Glanzmann-Hunkeler Ida · Nationalrat · Luzern · CVP-Fraktion · 2018-05-30

Wortprotokoll

In diesem Block geht es um Verbote im Zusammenhang mit Waffen, Waffenbestandteilen und Waffenzubehör. Ebenso werden Ausnahmebewilligungen und Übergangsbestimmungen hier geregelt.

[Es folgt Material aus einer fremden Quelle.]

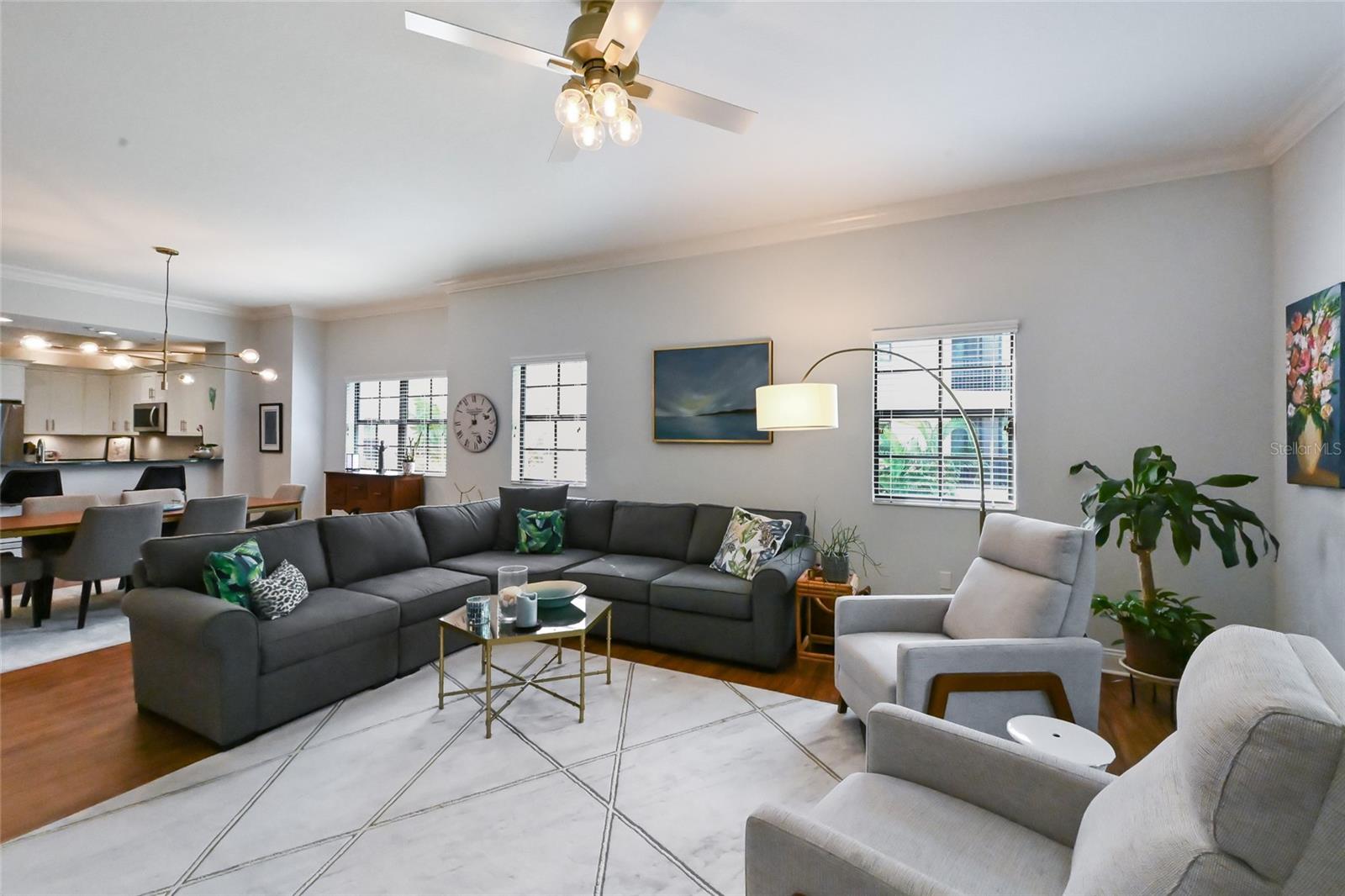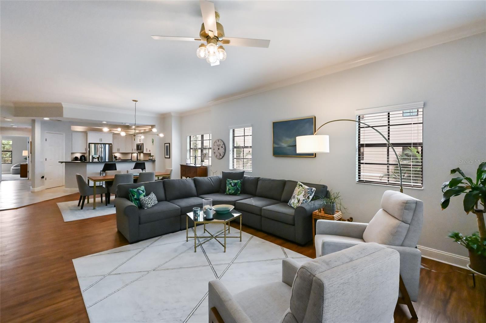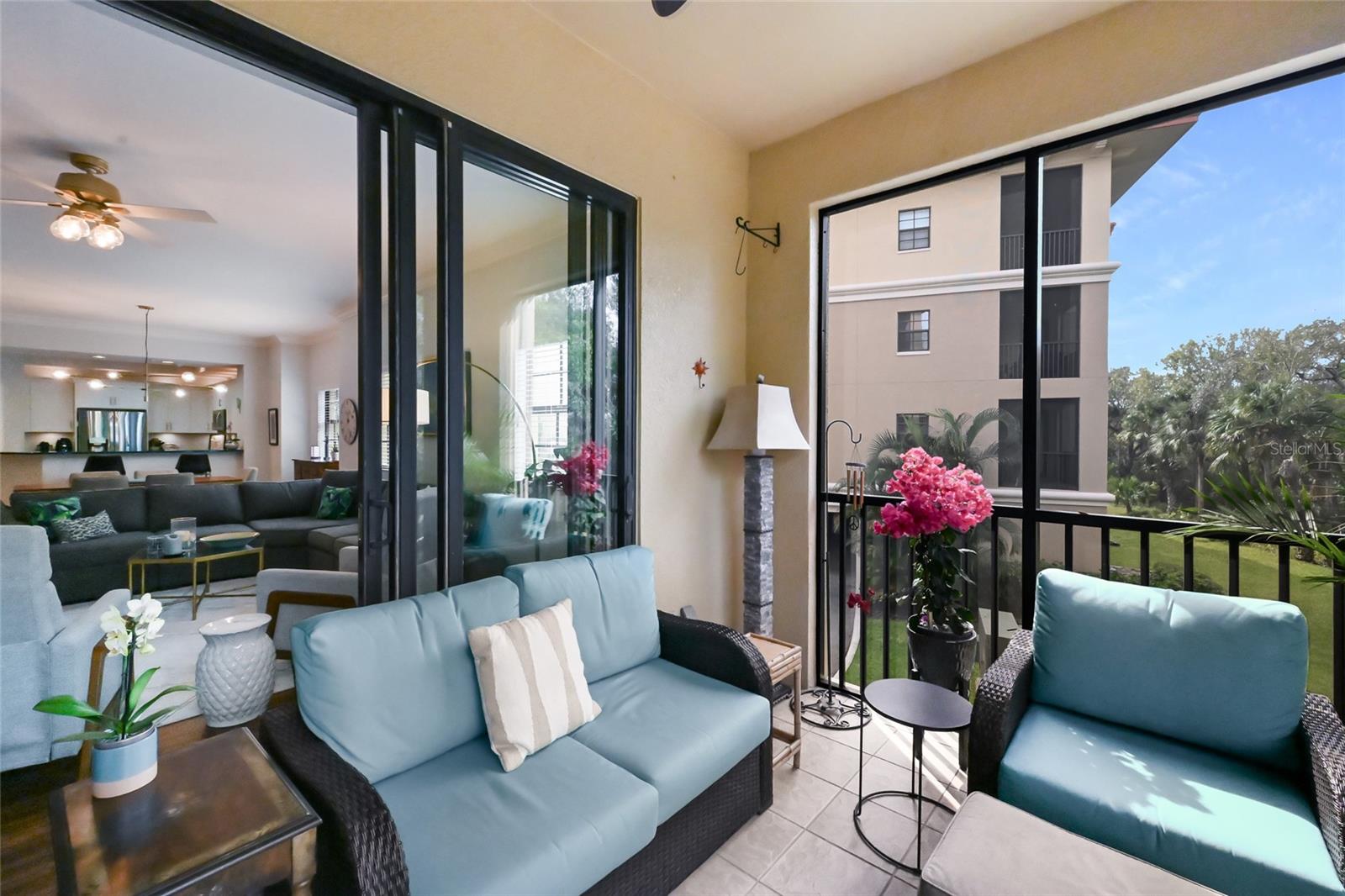 This expansive 2,153 sq ft end-unit condo--the largest currently for sale in Lake Vista--offers 3 bedrooms, 2.5 bathrooms, and peaceful, private preserve views in one of the best locations in all of Lakewood Ranch. Just steps from Lakewood Ranch Main Street and Waterside Place this gated community delivers unmatched walkability, convenience, and lifestyle appeal. The corner/end-unit location provides additional windows, abundant natural light, and enhanced privacy in a quiet setting, all with no stairs and easy access. The thoughtfully designed floor plan is ideal for everyday living and entertaining, featuring spacious, flowing living areas and a convenient half bath for guests. Storage is exceptional, with a large kitchen pantry, linen closets, utility closet, and a full laundry room with cabinetry and utility sink. The primary suite is privately positioned opposite the guest bedrooms and offers a serene retreat with direct lanai access, tranquil preserve views, two his-and-hers closets plus an additional linen closet, dual vanities, a soaking tub, and a built-in vanity. The screened lanai is completely private and generously sized--comparable to those found in many single-family homes. This residence has been meticulously maintained and thoughtfully upgraded, including a kitchen remodel (2022) with new cabinets, uplighting, updated appliances, refreshed flooring, paint, lighting, fans, and smart-home features such as a Nest thermostat and keyless entry. Mechanical systems have been proactively cared for, with HVAC replaced in 2019 and serviced twice annually, an air purification system added in 2022, and a water heater replaced in 2021. All appliances 2020 or newer! The condo experienced no leaks, no hurricane damage, and no power loss during recent storms. Additional highlights include two designated parking spaces, with one ideally located directly next to the entrance--a true "money spot." Residents of Lake Vista enjoy access to a clubhouse with fitness center, resort-style pool and spa, and a grill area overlooking the pool. The HOA has also completed major improvements, including new roofs (2023), new building front doors (2025), remodeled pool (2023) and upcoming new sidewalks (2026), Building painted (2024) with strong reserves and no additional assessments anticipated. A rare opportunity to own a large, move-in-ready condo combining space, privacy, walkability, and long-term value in the heart of Lakewood Ranch. NO CDD FEES!

Artikel 5 Absatz 1 Buchstabe b ist die Bestimmung, die die Kommission im Zusammenhang mit den Ordonnanzwaffen ergänzt hat. Die Kommission fügt hier ein, dass Ordonnanzwaffen, die direkt nach dem Militärdienst vom Besitzer übernommen werden, wie bisher mit einem Waffenerwerbsschein übernommen werden können. Die Waffe wird auch nicht zur verbotenen Waffe, wenn der Funktionserhalt der Waffe sichergestellt werden muss, das heisst, wenn beispielsweise der Lauf ausgewechselt werden muss. Gleichzeitig wird bei Artikel 28d Absatz 4 gestrichen, der eine Sonderbehandlung der Ordonnanzwaffe vorsieht, sodass der Eigentümer keinem Verein angehören und auch keine Schiesspflicht nachweisen muss. Dies entfällt, da die Waffe mit der von der Kommission beantragten Bestimmung nicht mehr der Kategorie verbotener Waffen angehört. Das Gleiche gilt für die Bestimmung in Artikel 42b Absatz 2 Buchstabe b, die ebenfalls gestrichen wird. Dieses Konzept hat die Kommission mit 18 zu 7 Stimmen angenommen. Bei Artikel 28d Absatz 4 wurde die Streichung mit 17 zu 8 Stimmen beschlossen.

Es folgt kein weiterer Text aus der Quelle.